Por isso, a estruturação em seu processo de constituição é decisiva e
legitimamente cobrável. Segundo Abrantes (1994, p. 48), “Além disso, é bastante
evidente o fato de que não apenas o conhecimento científico, mas também o senso
comum consistem de estruturas cognitivas, de redes que articulam os conceitos
referentes a cada domínio da realidade”.9
Já o era; mas, na contemporaneidade, o conhecimento passou a ser mais
decisivo a cada dia: isso o eleva à categoria de elemento essencial da vida em
sociedade, mormente como agente de produção, qualificação e quantificação,
sinalizando para uma participação decisiva cada vez maior em todos os ambientes,
e quiçá e não menos relevante na orla do Direito e da Justiça, diante da necessidade
de se produzir técnicas processuais (tecnologia em inteligência) capazes de cumprir
com os ideais e as metas de pacificação dos conflitos sociais.

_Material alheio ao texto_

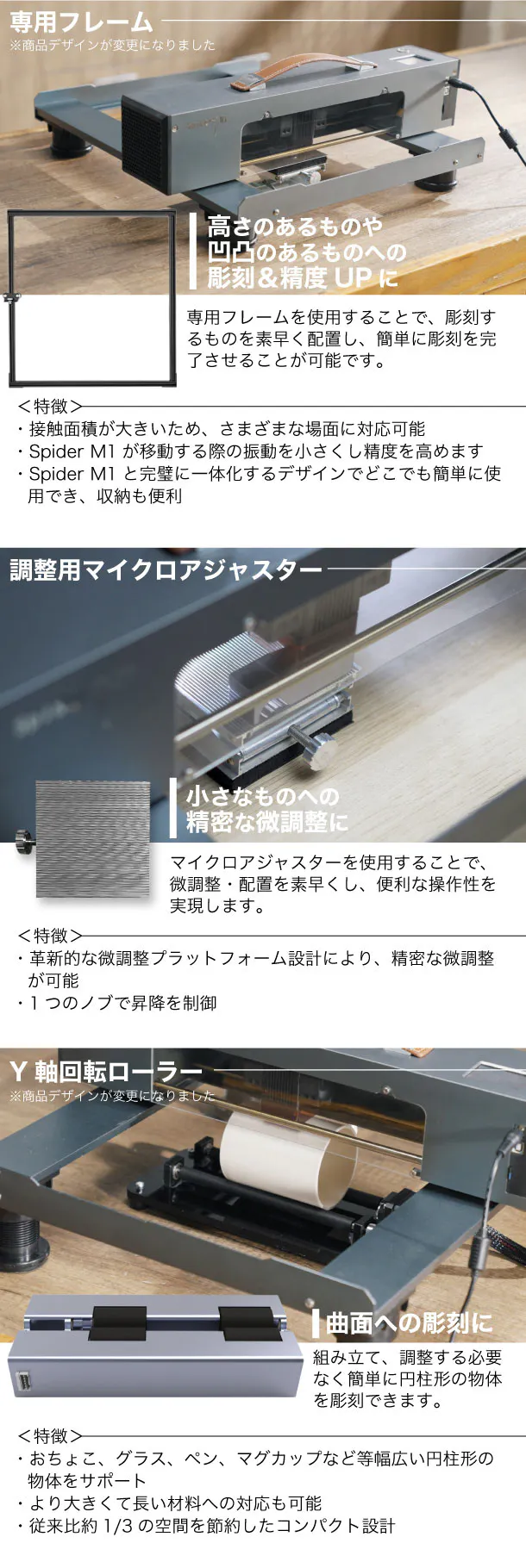 様々な素材のものにレーザー彫刻が可能なSpider M1。

Uma questão importante que se destaca para ser avaliada nesse processo é
a racionalidade do indivíduo em aceitar na mesma velocidade as adequações e as
adaptações decorrentes da transitoriedade e da simultaneidade que isso representa
dentro e fora da sua vida e dos que se correlacionam com ele, considerando todo o
processo desenvolvido na pós-modernidade.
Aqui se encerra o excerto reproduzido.